Limited knowledge of cellular and molecular mechanisms underlying hematopoietic stem cell and multipotent progenitor (HSC/MPP) expansion within their native niche has impeded the application of stem cell-based therapies for hematological malignancies. Here, we constructed a spatiotemporal transcriptome map of mouse fetal liver (FL) as a platform for hypothesis generation and subsequent experimental validation of novel regulatory mechanisms. Single-cell transcriptomics revealed three transcriptionally heterogeneous HSC/MPP subsets, among which a CD93-enriched subset exhibited enhanced stem cell properties. Moreover, by employing integrative analysis of single-cell and spatial transcriptomics, we identified novel HSC/MPP ‘pocket-like’ units (HSC PLUS), composed of niche cells (hepatoblasts, stromal cells, endothelial cells, and macrophages) and enriched with growth factors. Unexpectedly, macrophages showed an 11-fold enrichment in the HSC PLUS. Functionally, macrophage–HSC/MPP co-culture assay and candidate molecule testing, respectively, validated the supportive role of macrophages and growth factors (MDK, PTN, and IGFBP5) in HSC/MPP expansion. Finally, cross-species analysis and functional validation showed conserved cell–cell interactions and expansion mechanisms but divergent transcriptome signatures between mouse and human FL HSCs/MPPs.

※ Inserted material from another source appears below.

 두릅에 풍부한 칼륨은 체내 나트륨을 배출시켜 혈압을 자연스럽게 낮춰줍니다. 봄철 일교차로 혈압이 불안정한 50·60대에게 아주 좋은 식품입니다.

Taken together, these results provide an essential resource for understanding HSC/MPP development in FL, and novel insight into functional HSC/MPP expansion ex vivo.

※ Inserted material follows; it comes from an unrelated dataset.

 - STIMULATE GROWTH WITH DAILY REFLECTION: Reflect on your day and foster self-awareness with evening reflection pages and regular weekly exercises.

对造血干细胞和多能祖细胞（HSC/MPP）在其天然生态位内扩增的细胞和分子机制的了解有限，阻碍了基于干细胞的疗法在血液恶性肿瘤中的应用。在这里，我们构建了小鼠胎儿肝脏（FL）的时空转录组图谱，作为假设生成和后续新调控机制实验验证的平台。单细胞转录组学揭示了三个转录异质性 HSC/MPP 亚群，其中富含 CD93 的亚群表现出增强的干细胞特性。此外，通过采用单细胞和空间转录组学的综合分析，我们鉴定了新的HSC/MPP“口袋样”单位（HSC PLUS），由生态位细胞（成肝细胞、基质细胞、内皮细胞和巨噬细胞）组成）并富含生长因子。出乎意料的是，巨噬细胞在 HSC PLUS 中富集了 11 倍。在功能上，巨噬细胞-HSC/MPP共培养测定和候选分子测试分别验证了巨噬细胞和生长因子（MDK、PTN和IGFBP5）在HSC/MPP扩增中的支持作用。最后，跨物种分析和功能验证显示小鼠和人类 FL HSC/MPP 之间存在保守的细胞间相互作用和扩增机制，但转录组特征存在差异。总而言之，这些结果为了解 FL 中 HSC/MPP 的发育提供了重要的资源，并为离体功能性 HSC/MPP 扩增提供了新的见解。